*BRIEF*
The line containing "Set a prewarning" marks the end: extract everything from the first line of the data through that line, exactly, with no pictures.

*INFORMATION SUPPLIED*
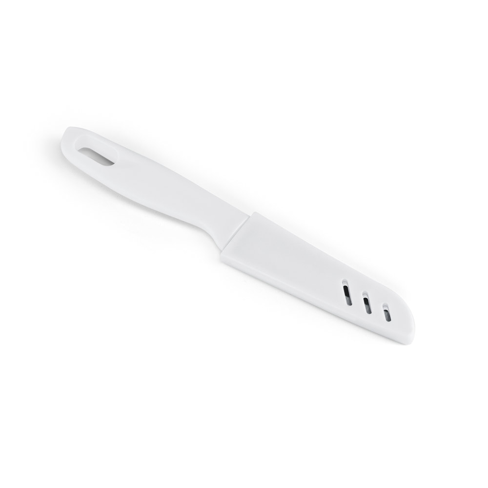Messer aus Edelstahl und PP mit einer Schutzhülle. 205 x 31 x 13 mm
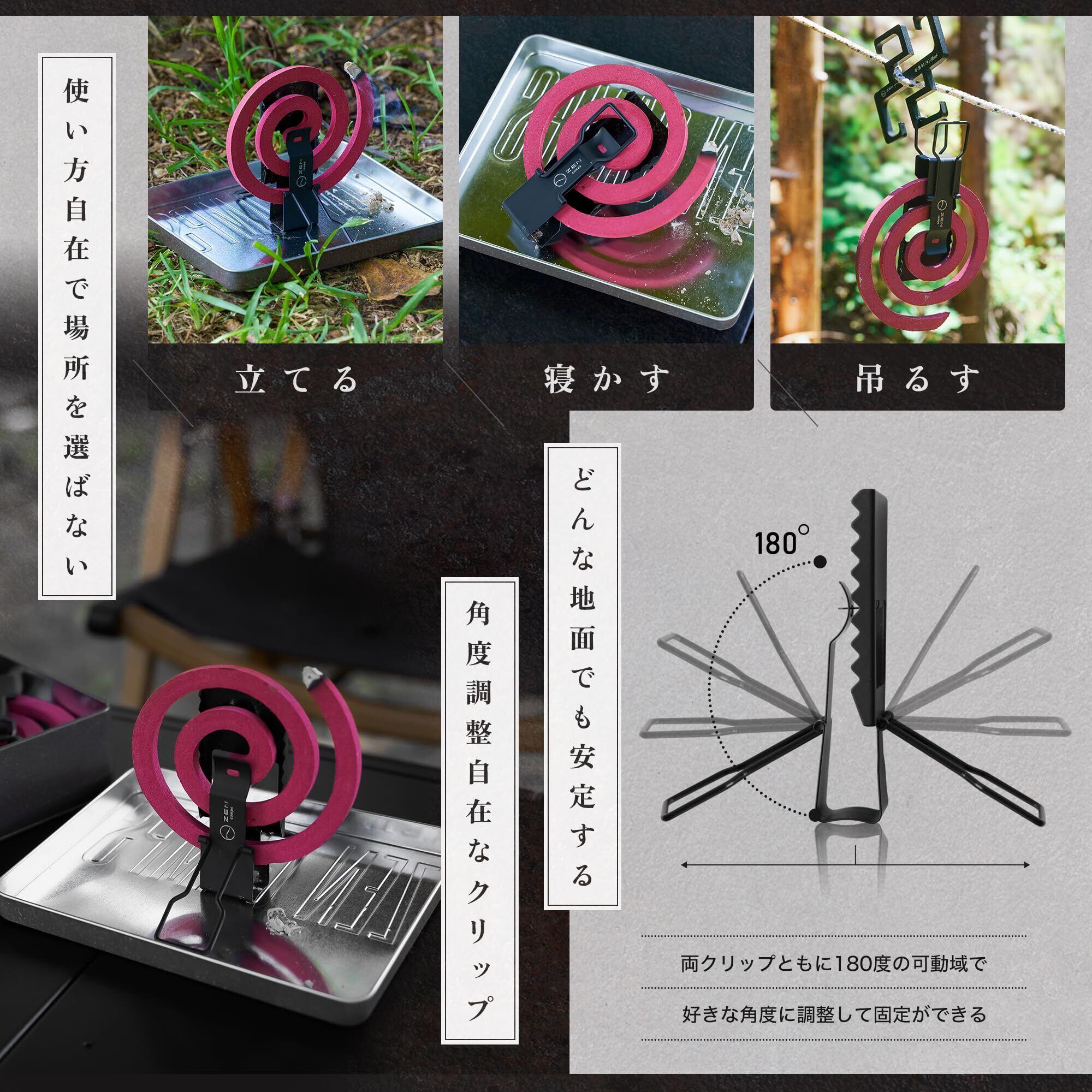 【機能性】蚊取り線香を装着して立てる、寝かす・吊るすことが可能で、色々なシーンで活躍します。蚊取り線香の火が途中で消えることなく最後まで使えます。
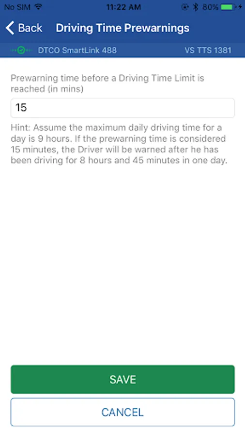 Set a prewarning time, to inform driver before his driving time limit is reached.
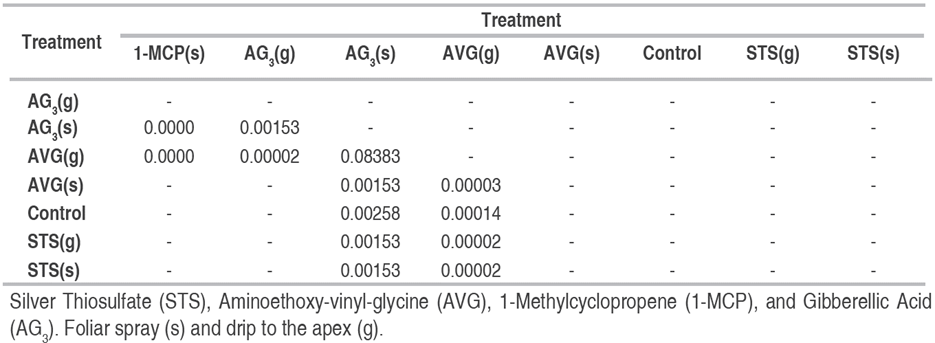 After applying the sexual reversal treatments, a variation in plant height was observed between the moment of flower induction and the end of the experiment. The height data analyzed under the non-parametric Kruskal-Wallis' test showed differences between treatments (chi-squared=80.288, df=7, P-value=1.203x10-14). The Wilcoxon signed-rank test shows a difference between all the treatments and the gibberellic acid treatment for this variable -AG3(g) and AG3(s), and even between these two treatments (Table 3).
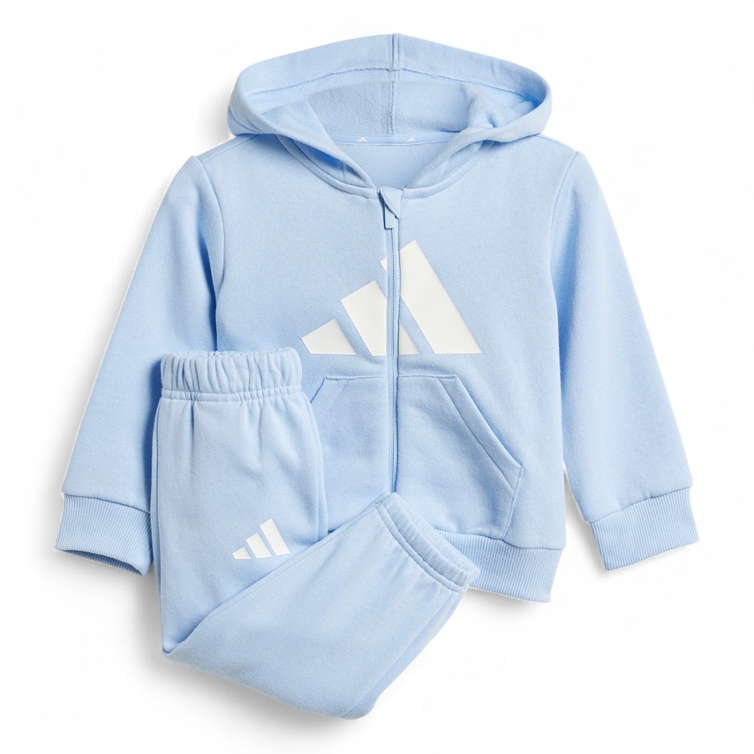 Survêtement Adidas pour bébé en maille douce, en partie en polyester recyclé. Coupe droite pour une grande liberté de mouvement, fermeture à glissière pour faciliter l'habillage et capuche avec cordon de serrage pour une protection supplémentaire. Poignets et ourlets élastiqués, cordon de serrage réglable à la taille et pantalon avec poignets confortables. Poches latérales et intérieur légèrement rembourré pour un confort thermique optimal.
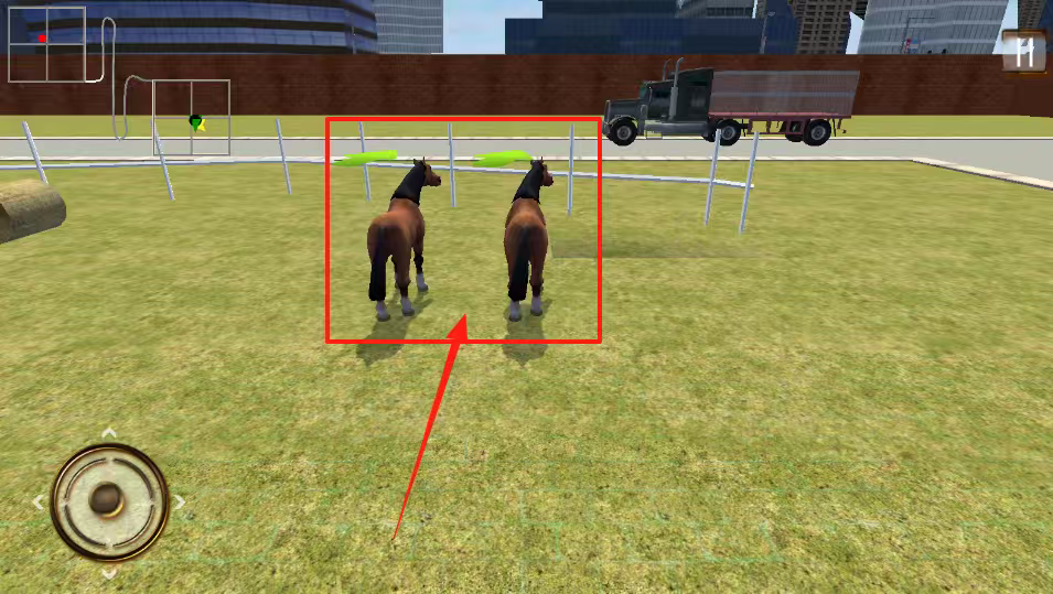 3、用左侧摇杆控制方向,参照小地图找到野马位置,将其赶至红色指定区域。
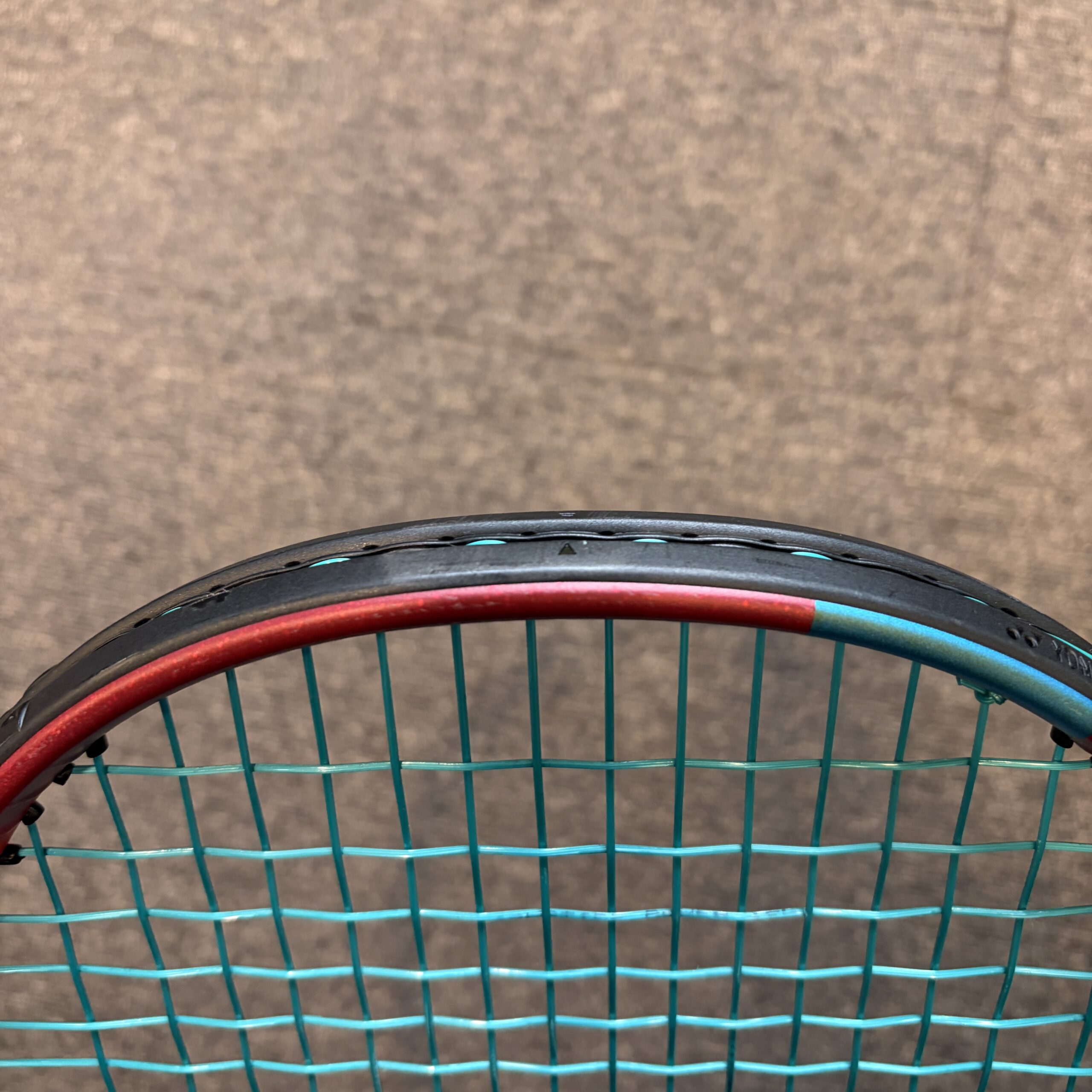 - 微調整のウェイトはフレーム外貼りとなりますが、次回張替えご依頼時にグロメット内に仕込み直し(1,100円)を承ります。
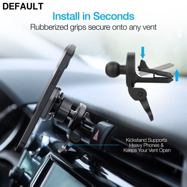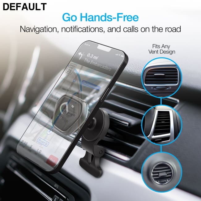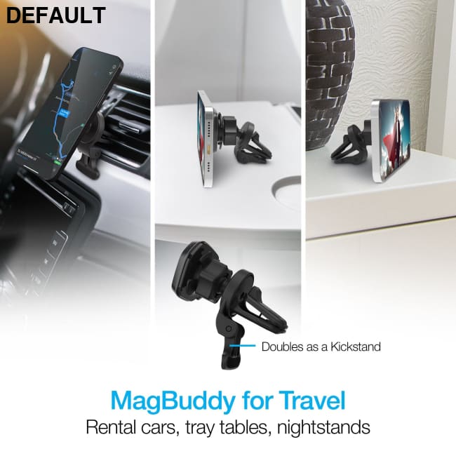 This highly versatile magnetic mounting system provides a clear unobstructed driving view while securing your mobile device at eye level and within easy reach. Enjoy a hassle-free, quick installation on your vent by gripping onto any grille with the universal rubber grips. Easily find the perfect viewing position and get maximum support for your devices using the built-in stability kickstand. Then, hover your device near the magnetic head, and four rare-earth magnets instantly grasp on, holding it in place. Keep navigation, hands-free calling, music control, and notifications at your fingertips or glanceable, even on the bumpiest roads. Unlike clunky mounts with clips and brackets that need constant two-handed adjustments, this mount is engineered for quick one-handed positioning and grab & go convenience. MagBuddy® makes life easier!

*TASK ANSWER*
Messer aus Edelstahl und PP mit einer Schutzhülle. 205 x 31 x 13 mm
 【機能性】蚊取り線香を装着して立てる、寝かす・吊るすことが可能で、色々なシーンで活躍します。蚊取り線香の火が途中で消えることなく最後まで使えます。
 Set a prewarning time, to inform driver before his driving time limit is reached.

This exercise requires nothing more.